Along with Blackmore, Oler was arrested, handcuffed and charged in 2009 with one count of polygamy, a charge that was subsequently stayed.
As one of Dalmon Oler’s 46 children, James became the FLDS bishop after Winston Blackmore’s excommunication in 2002.
Initially, Oler agreed to be a witness during the 2011 constitutional reference case. That may have had something to do with his excommunication at around the same time.
Oler was replaced as FLDS bishop by his half-brother, Ken Oler.
In 2011, Ken Oler was also excommunicated, forced out of his home and forced to leave his 20 children and two wives behind.
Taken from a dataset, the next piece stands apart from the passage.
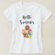 A tee with the text: Hello Summer. illustrated with drawing of a 3 scoop ice cream sundae with colourful sprinkles. An ice cream cone with scoops of chocolate, strawberry and vanilla. A bowl of neopolitan ice cream with a cherry on top. Strawberries and a pineapple fruit sit beside the bowls. A cream and blue chevron pattern along the bottom edge.

He went to the RCMP to report that under-aged girls were being forced into religious marriages.
In March, under oath in the same Utah civil case that Blackmore gave a deposition, Ken Oler identified three girls from Bountiful as having been taken as child brides to the United States. Two were his half-sisters, who were only 15 and 16.
Excommunication also forced James Oler out of his home. At the time charges were laid, Oler was working in Alberta.
Emily Ruth (Gail) Crossfield Blackmore is charged along with her husband, Brandon Blackmore, with one count of unlawful removal from Canada of their daughter for sexual purposes.
Crossfield Blackmore’s father is a notorious polygamist prophet known as Brother Onias. He was born Robert C. Crossfield in 1929 in New Westminster, and raised in Alberta.
A convert to Mormonism, Crossfield was excommunicated by the mainstream Mormon church in 1972 for publishing a book of his revelations titled The Book of Onias. He moved to Bountiful before moving to Provo, Utah, and establishing the School of the Prophets, a group also known as The Restorers.
Crossfield’s and the group’s current whereabouts are unknown.
Among Crossfield’s followers were Dan and Ron Lafferty, who were convicted of the brutal murder of their sister-in-law and her baby. As Jon Krakauer wrote in Under the Banner of Heaven, the pair killed Brenda Lafferty believing that the only way she could be forgiven for her “sin” of refusing to allow her husband to take a second wife was “blood atonement.”
Brandon James Blackmore is one of Winston’s sons. He has five wives, including Crossfield Blackmore, and 30-some children. He and his family continued to follow Jeffs and the FLDS teachings rather than switch loyalties to his father, Winston, following his excommunication.